• _REQUIREMENT_: All lines from the beginning of the listing through the line with "4 5/8″ Pre Columbian" are to be copied word for word; the pictures are not.

• _DATA EXTRACT_:
- Opening Delimiter -
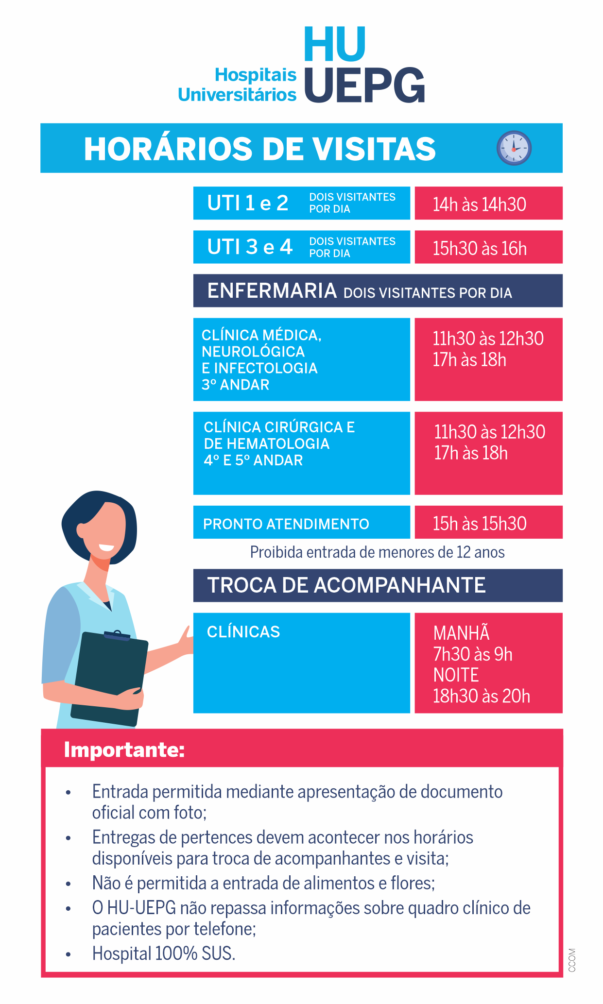 – Informações sobre o quadro clínico do paciente, exames os cirurgias que o paciente venha a realizar, dia provável da alta devem ser obtidos com o próprio paciente se não estiver impossibilitado ou nos horários de visita com o médico responsável;
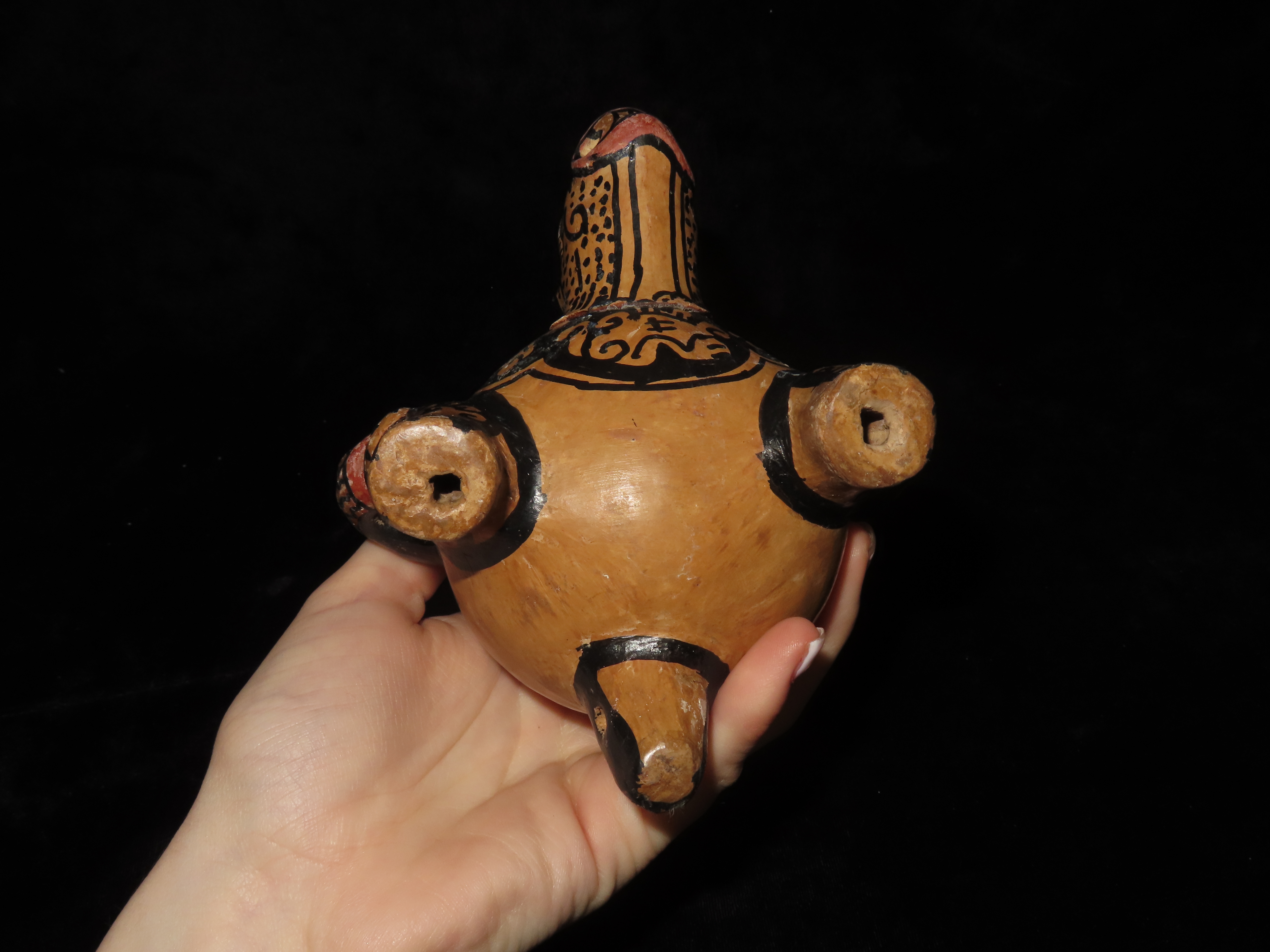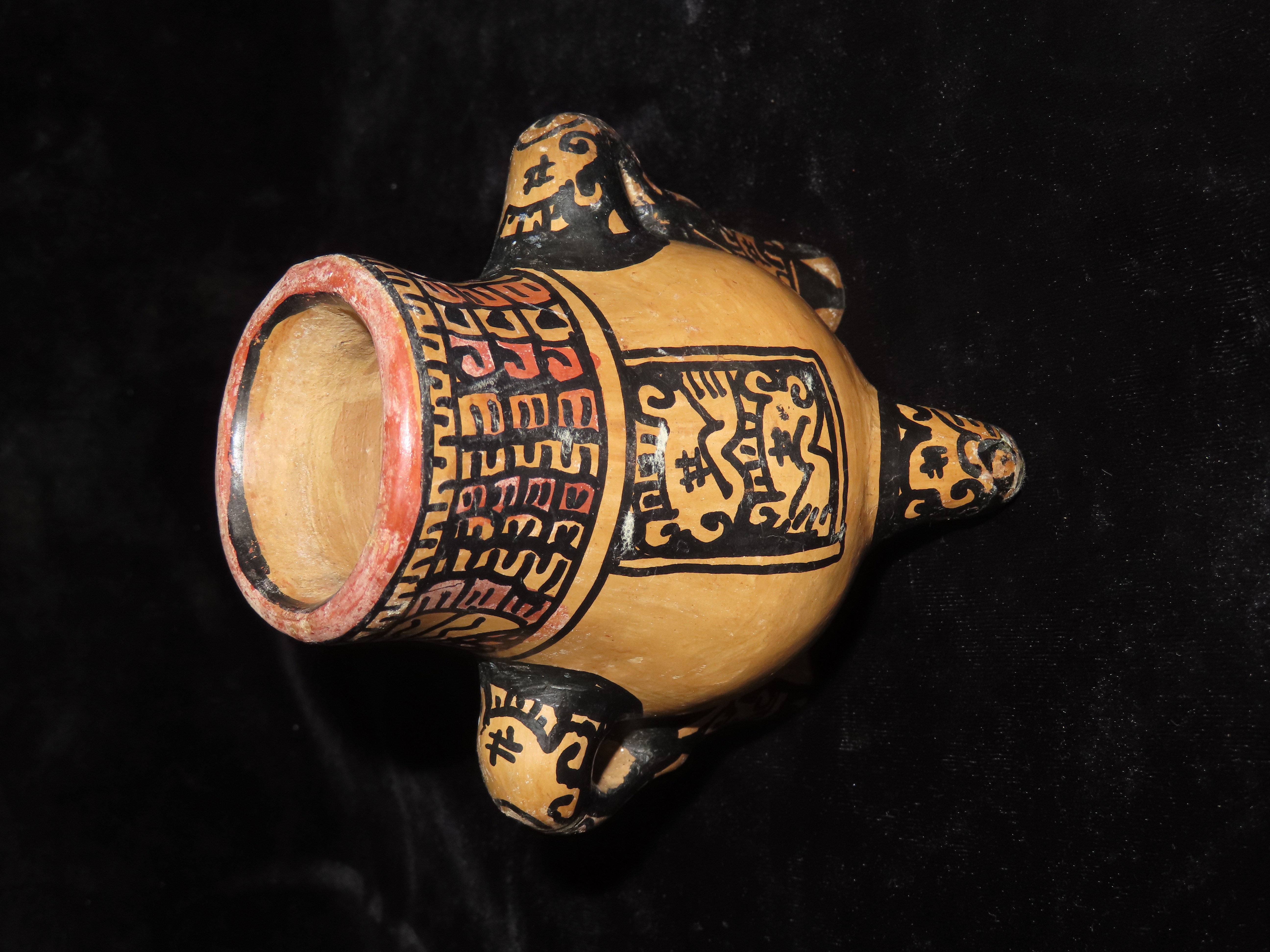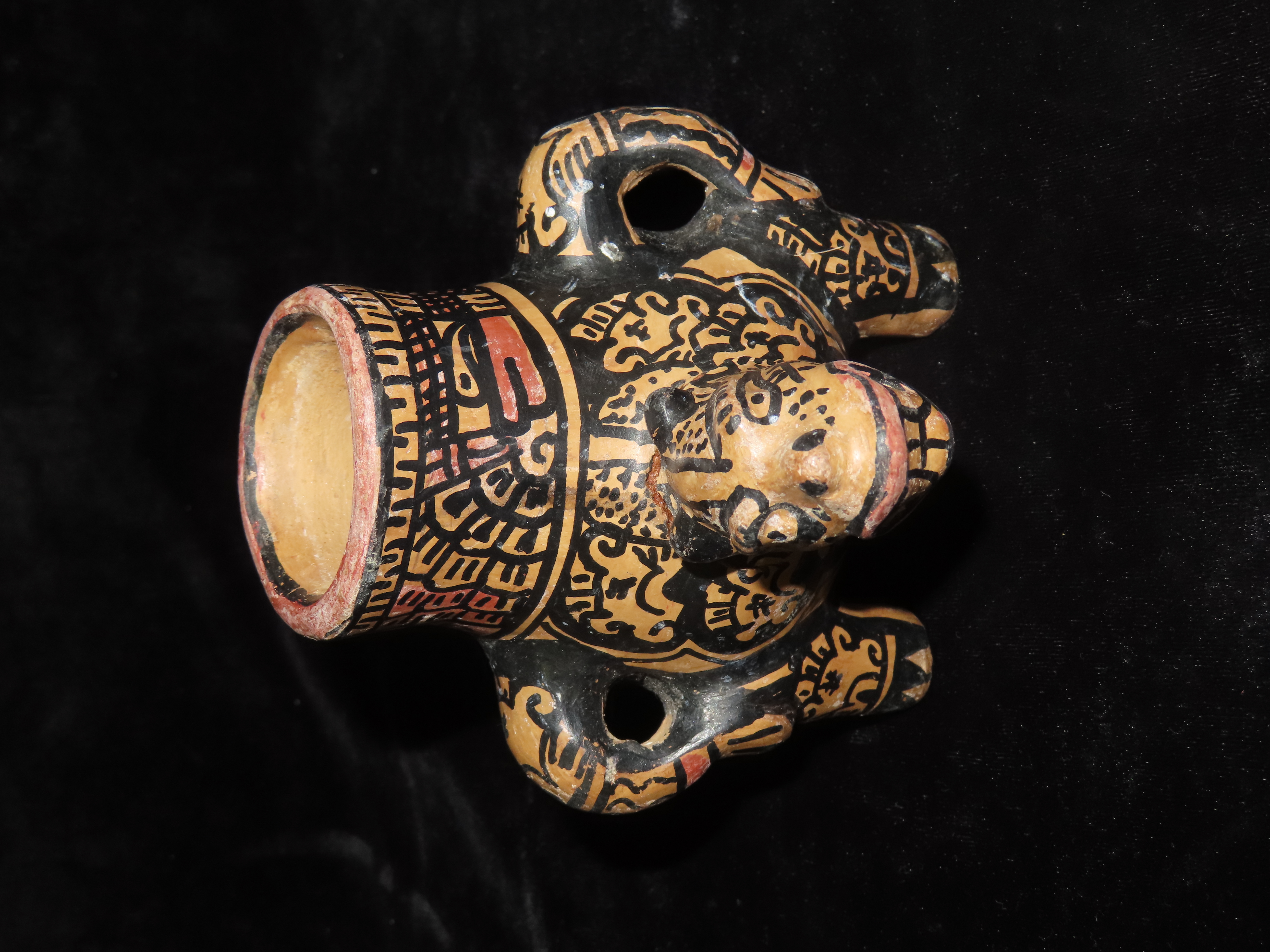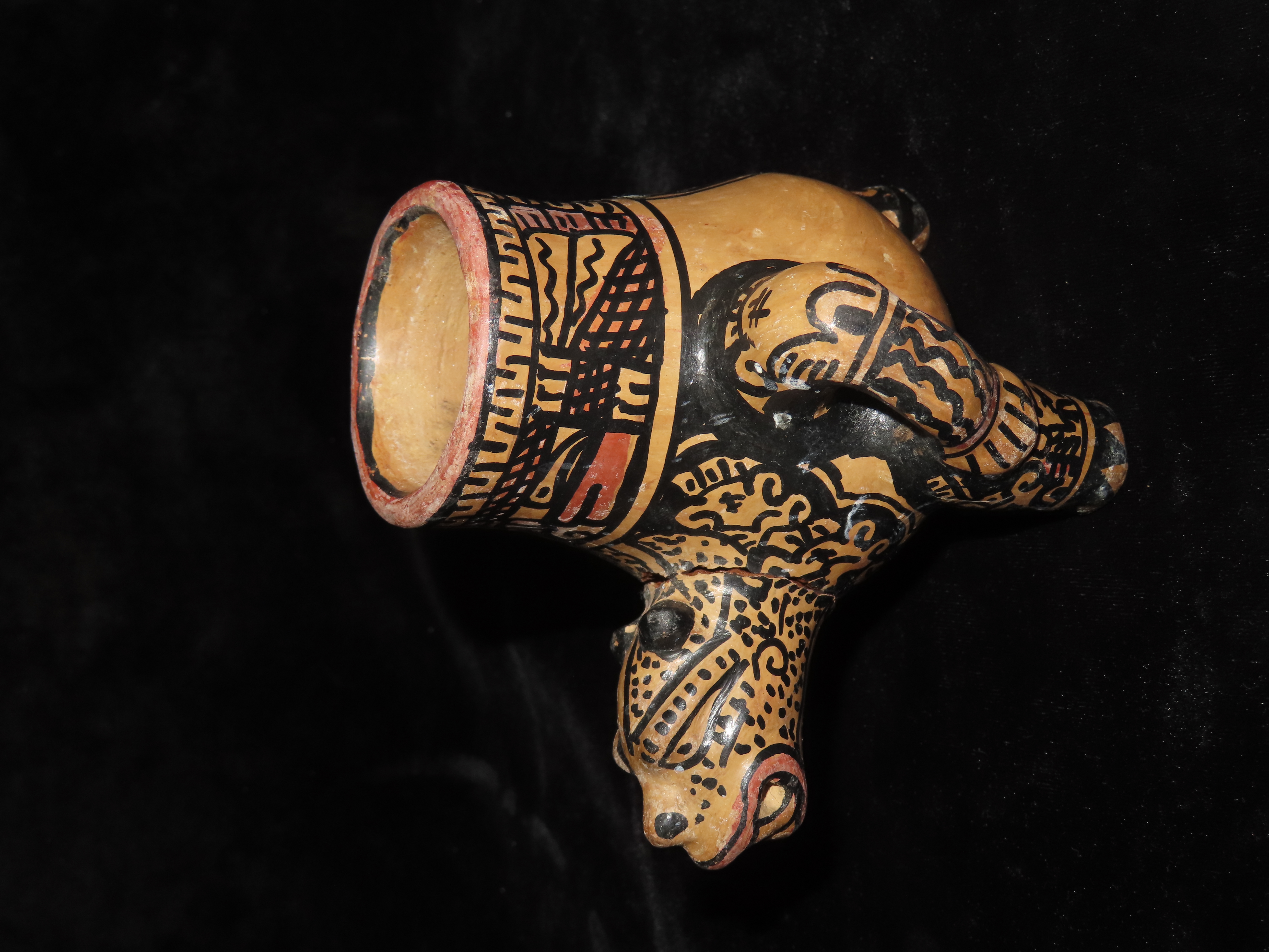 4 5/8″ Pre Columbian Jaguar effigy Pottery Vessel, Head is reattached. Wonderful paint, South America
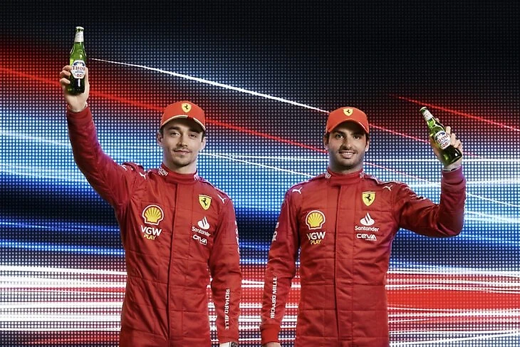 На презентации партнерства с производителем безалкогольного итальянского пива Peroni (в прошлом году спонсировала «Астон Мартин») Скудерия засветила комбинезоны – и да, цвет весьма предсказуем:
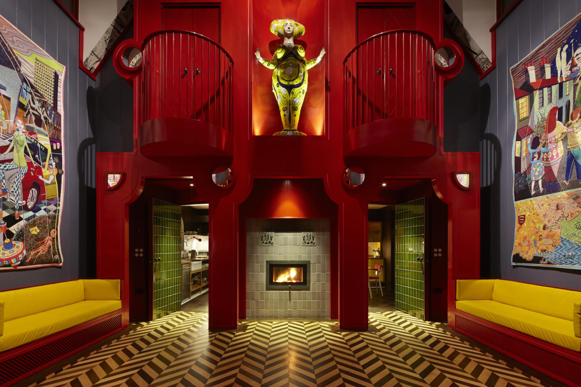 - На стенах эффектно смотрятся обои с притягательной оптической иллюзией или изображениями, которые меняются в зависимости от выбранного угла обзора. Также вертикальные поверхности покрываются декоративной штукатуркой яркого цвета, красятся, оклеиваются обоями. Иногда обои (штукатурку, краски) используют однотонные, особенно, если на стенах предусмотрены многочисленные композиции из декора. Используют и цикличные композиции, когда один элемент (орнамент, узор) многократно дублируется. Стены обычно несут ключевую смысловую нагрузку и производят впечатление.
- Closing Delimiter -
• _ANSWER TO THIS EXERCISE_:
 – Informações sobre o quadro clínico do paciente, exames os cirurgias que o paciente venha a realizar, dia provável da alta devem ser obtidos com o próprio paciente se não estiver impossibilitado ou nos horários de visita com o médico responsável;
 4 5/8″ Pre Columbian Jaguar effigy Pottery Vessel, Head is reattached. Wonderful paint, South America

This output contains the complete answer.